##### Data #####
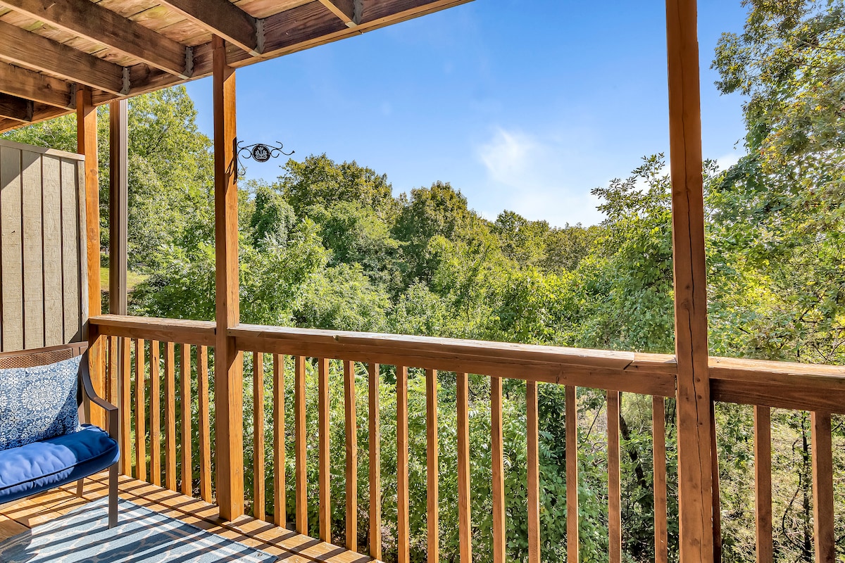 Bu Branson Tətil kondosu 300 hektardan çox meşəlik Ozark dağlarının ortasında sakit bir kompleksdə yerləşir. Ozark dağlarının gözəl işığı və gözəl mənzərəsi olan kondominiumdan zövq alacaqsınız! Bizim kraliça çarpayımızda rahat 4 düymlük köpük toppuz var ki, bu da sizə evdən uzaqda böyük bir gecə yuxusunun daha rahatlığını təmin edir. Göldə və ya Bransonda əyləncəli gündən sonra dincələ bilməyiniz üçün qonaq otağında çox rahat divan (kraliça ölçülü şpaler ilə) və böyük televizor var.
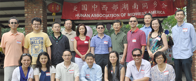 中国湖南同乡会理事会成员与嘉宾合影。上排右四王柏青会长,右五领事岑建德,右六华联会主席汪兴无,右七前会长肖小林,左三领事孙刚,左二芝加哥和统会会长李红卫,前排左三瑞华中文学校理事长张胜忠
#####
##### Data #####
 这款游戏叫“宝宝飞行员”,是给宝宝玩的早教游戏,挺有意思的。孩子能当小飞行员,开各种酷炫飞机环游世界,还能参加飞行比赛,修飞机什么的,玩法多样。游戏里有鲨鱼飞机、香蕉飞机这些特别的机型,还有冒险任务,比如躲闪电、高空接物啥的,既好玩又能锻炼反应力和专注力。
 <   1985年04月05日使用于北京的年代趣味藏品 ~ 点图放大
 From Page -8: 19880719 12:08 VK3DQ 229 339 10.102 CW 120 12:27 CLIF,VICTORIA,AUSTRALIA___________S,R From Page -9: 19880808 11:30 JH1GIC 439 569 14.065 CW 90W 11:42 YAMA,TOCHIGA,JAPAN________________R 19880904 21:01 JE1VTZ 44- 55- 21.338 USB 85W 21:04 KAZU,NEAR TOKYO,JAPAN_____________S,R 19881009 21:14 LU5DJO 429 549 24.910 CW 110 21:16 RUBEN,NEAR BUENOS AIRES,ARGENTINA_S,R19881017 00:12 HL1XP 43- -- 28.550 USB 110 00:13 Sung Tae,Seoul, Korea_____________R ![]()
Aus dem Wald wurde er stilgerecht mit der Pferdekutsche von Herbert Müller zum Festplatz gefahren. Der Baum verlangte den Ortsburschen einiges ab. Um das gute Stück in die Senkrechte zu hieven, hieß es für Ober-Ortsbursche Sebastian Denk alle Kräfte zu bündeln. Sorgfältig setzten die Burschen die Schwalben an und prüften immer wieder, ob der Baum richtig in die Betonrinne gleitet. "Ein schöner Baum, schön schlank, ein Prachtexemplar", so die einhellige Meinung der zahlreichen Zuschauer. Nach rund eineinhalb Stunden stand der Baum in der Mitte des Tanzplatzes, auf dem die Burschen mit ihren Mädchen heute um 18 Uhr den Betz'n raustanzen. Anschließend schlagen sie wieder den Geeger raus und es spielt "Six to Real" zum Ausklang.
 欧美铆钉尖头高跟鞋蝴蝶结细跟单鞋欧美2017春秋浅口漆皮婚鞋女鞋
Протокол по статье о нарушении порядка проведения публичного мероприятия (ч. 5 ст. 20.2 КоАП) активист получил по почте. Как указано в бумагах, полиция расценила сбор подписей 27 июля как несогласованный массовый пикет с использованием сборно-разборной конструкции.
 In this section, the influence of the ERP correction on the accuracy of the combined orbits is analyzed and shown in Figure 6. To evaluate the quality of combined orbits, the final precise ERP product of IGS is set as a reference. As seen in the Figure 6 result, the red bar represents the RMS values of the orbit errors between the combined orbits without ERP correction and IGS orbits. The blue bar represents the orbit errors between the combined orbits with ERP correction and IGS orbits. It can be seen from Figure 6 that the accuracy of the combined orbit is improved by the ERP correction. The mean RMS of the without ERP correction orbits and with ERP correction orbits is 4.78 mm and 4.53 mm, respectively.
#####
##### Data #####
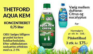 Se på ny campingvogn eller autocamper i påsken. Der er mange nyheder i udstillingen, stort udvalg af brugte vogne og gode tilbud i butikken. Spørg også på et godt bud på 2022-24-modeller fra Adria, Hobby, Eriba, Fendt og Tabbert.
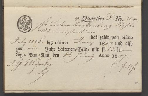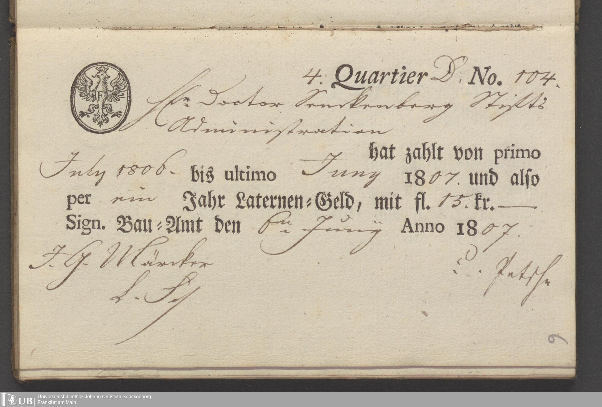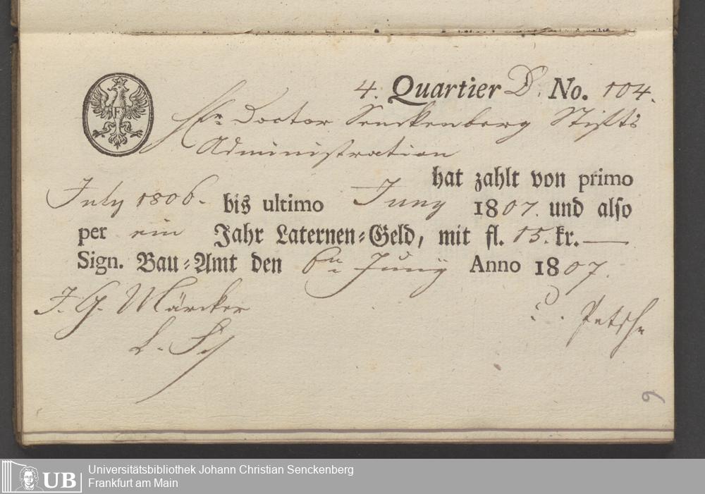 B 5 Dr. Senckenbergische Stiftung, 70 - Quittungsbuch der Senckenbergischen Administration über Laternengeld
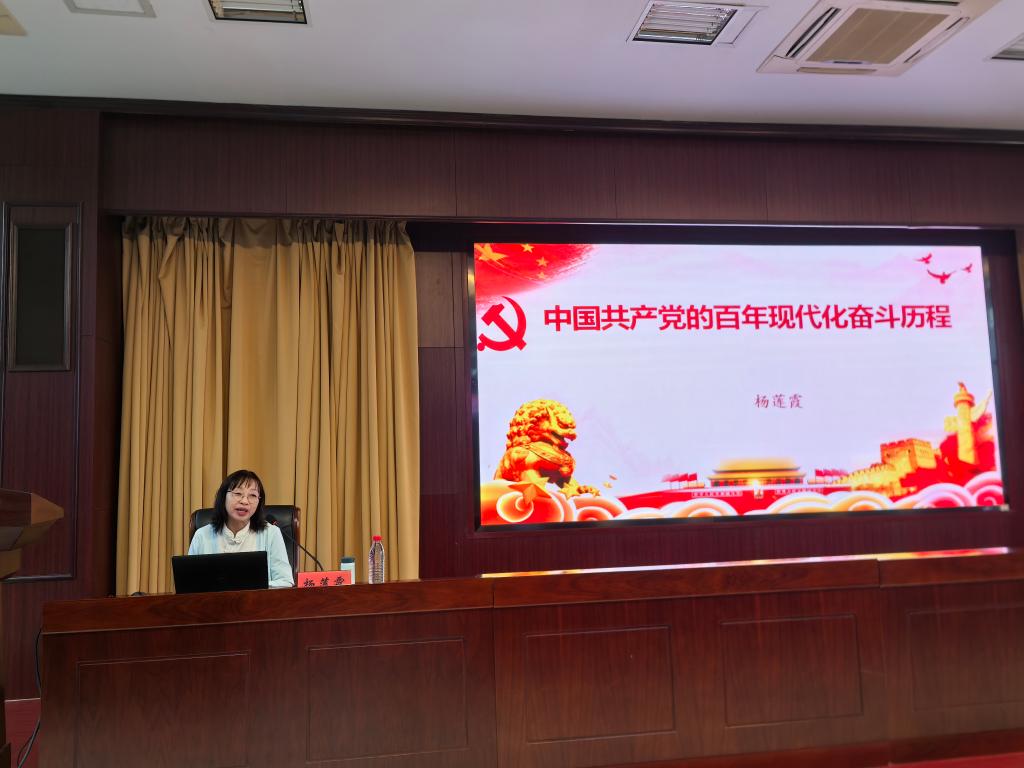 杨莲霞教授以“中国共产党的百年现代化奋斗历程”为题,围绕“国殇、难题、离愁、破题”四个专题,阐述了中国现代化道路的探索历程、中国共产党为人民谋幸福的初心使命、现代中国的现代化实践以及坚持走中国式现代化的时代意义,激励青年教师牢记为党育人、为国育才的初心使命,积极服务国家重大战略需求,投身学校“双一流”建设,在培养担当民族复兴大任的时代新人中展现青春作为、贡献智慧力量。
#####
### Your assignment
With the pictures removed, print only the lines starting at the line that has "Bu Branson Tətil" and ending at the line that has "中国湖南同乡会理事会成员与嘉", both ends included, exactly as they stand above.

### Response area
 Bu Branson Tətil kondosu 300 hektardan çox meşəlik Ozark dağlarının ortasında sakit bir kompleksdə yerləşir. Ozark dağlarının gözəl işığı və gözəl mənzərəsi olan kondominiumdan zövq alacaqsınız! Bizim kraliça çarpayımızda rahat 4 düymlük köpük toppuz var ki, bu da sizə evdən uzaqda böyük bir gecə yuxusunun daha rahatlığını təmin edir. Göldə və ya Bransonda əyləncəli gündən sonra dincələ bilməyiniz üçün qonaq otağında çox rahat divan (kraliça ölçülü şpaler ilə) və böyük televizor var.
 中国湖南同乡会理事会成员与嘉宾合影。上排右四王柏青会长,右五领事岑建德,右六华联会主席汪兴无,右七前会长肖小林,左三领事孙刚,左二芝加哥和统会会长李红卫,前排左三瑞华中文学校理事长张胜忠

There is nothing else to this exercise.